In honor of Thanksgiving, here are five stories on family ties—the ones we forge, and the ones we can’t escape from.
For months, the Department of Homeland Security has been using tattoos as pretext to deport immigrants to El Salvador. As Olivia Heffernan and Steve Brooks explain, the DHS sees any ink as proof of active gang membership, even if a deportee had long since left the gang, done time, and paid their debt to society. And speaking of debts paid, Kristen Martin lays out how student financial aid is built to benefit an intact nuclear family, and presupposes that they will bear the cost of higher education together. She reviews a new book detailing the system of lending that drags students and their families down.
Elsewhere, Alana Pockros writes on If I Had Legs I’d Kick You, a new movie that illustrates how the stressors of contemporary life can make a bad mother of anyone. Daniel Petrick reviews a family saga that plays fast and loose with historical fact. And fiction from Jess Row presents a heartwarming story of friends reunited in a common cause: trying to assassinate a war criminal.

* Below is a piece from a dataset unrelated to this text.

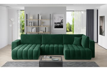 Clair 3-sits Bäddsoffa med Schäslong Ställbar Sammet/Grön/Tr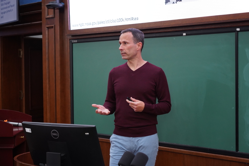 此次讲座上,Bastien Llamas 博士分享了他近期的学术成果“历史上巴布亚人迁徙到华莱士的遗传起源和影响”。通过人类古基因数据比对分析,对印度尼西亚华莱士群岛及西巴布亚地区的人类遗传史展开全面介绍,并结合语言学与考古学方面的证据,对华莱士地区与巴布亚相关的祖先起源提出新的观点。

“In reframing who is to blame for her student debt, Collier opens up a broader view of what justice would look like—one that seeks to free millions of student debtors from a system that the government has chosen to trap them in.”

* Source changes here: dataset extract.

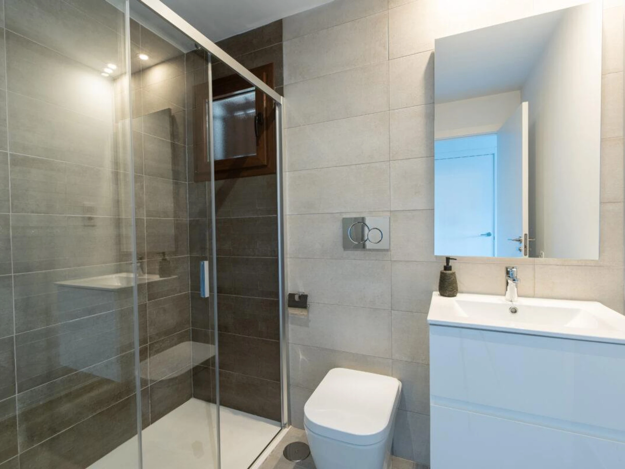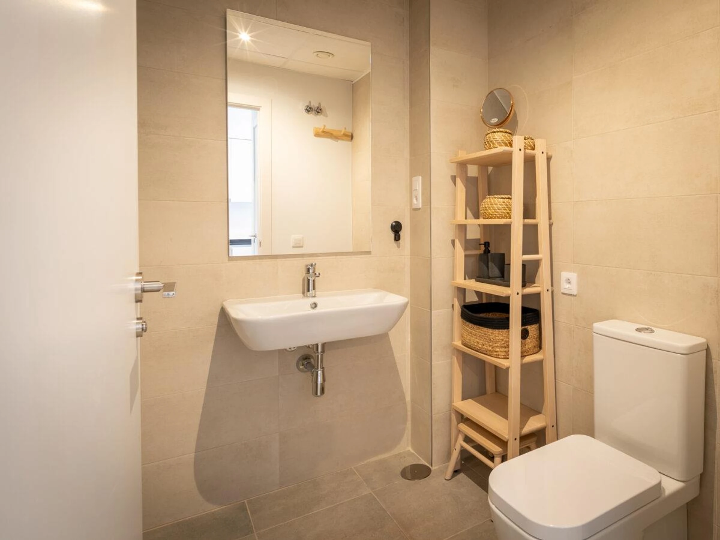 * bathroom with single washbasin, shower and toilet Exterior of the apartment

“While at points devastating, eerie, and frenzied, If I Had Legs I’d Kick You is also a feminist comedy of errors: at every stage of the film, husbands abdicate domestic responsibilities while wives nearly drown under the weight of their burdens.”
“Indignity reads as if the author started with a list of assumptions and arguments, cross-referenced it with a list of characters, and methodically ticked off the requisite boxes in pursuit of her pedagogical aim.”
“I know it sounds crazy. But I was alive, and I saw it. The worst hadn’t happened. We were inside Henry Kissinger’s house, making history, molding it like Play-Doh. That’s how it felt. We were real.”